To solve the system of equations using elimination, we have the following two equations:
- \( 4x - 6y = -48 \) (Equation 1)
- \( -2x + 4y = 30 \) (Equation 2)
First, we can modify Equation 2 to align the coefficients of \(x\) when we eliminate the variable \(x\). We can multiply Equation 2 by 2 to make the coefficient of \(x\) match the coefficient of \(x\) in Equation 1.

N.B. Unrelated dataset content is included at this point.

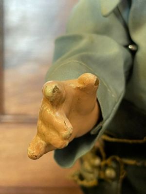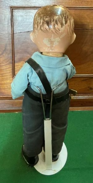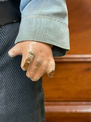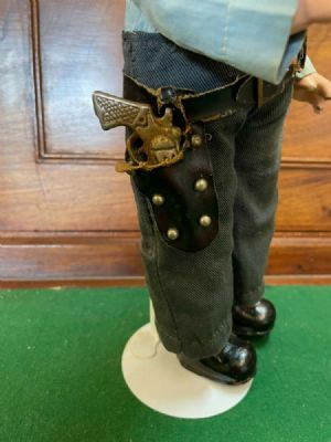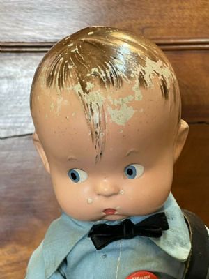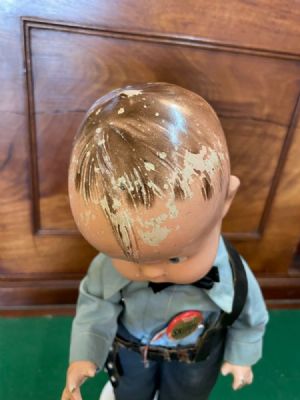 Great vintage 14" Effanbee policeman doll. Has the badge and that other small "item" that is usually missing. Does show typical age related wear. I am not a doll collector so I do not know if this is normal, but the head will move from side to side. It is not loose or detached, this may be normal, I don't know.

Multiplying Equation 2 by 2:
\[ 2(-2x + 4y) = 2(30) \]
This gives us:
\[ -4x + 8y = 60 \quad \text{(Equation 3)} \]
Now we have:
- \( 4x - 6y = -48 \) (Equation 1)
- \( -4x + 8y = 60 \) (Equation 3)
Next, we can add Equation 1 and Equation 3 together to eliminate \(x\):
\[ (4x - 6y) + (-4x + 8y) = -48 + 60 \]
This simplifies to:
\[ 0x + 2y = 12 \]
Thus, we have:
\[ 2y = 12 \]
Dividing both sides by 2 gives:
\[ y = 6 \]
Now that we have the value of \(y\), we can substitute it back into one of the original equations to solve for \(x\). We can use Equation 1:
\[ 4x - 6(6) = -48 \]
Calculating this, we have:
\[ 4x - 36 = -48 \]
Adding 36 to both sides:
\[ 4x = -12 \]
Dividing both sides by 4 gives:
\[ x = -3 \]
Thus, the solution to the system of equations is:
\[ (x, y) = (-3, 6) \]
The answer is:
\[ \boxed{(-3, 6)} \]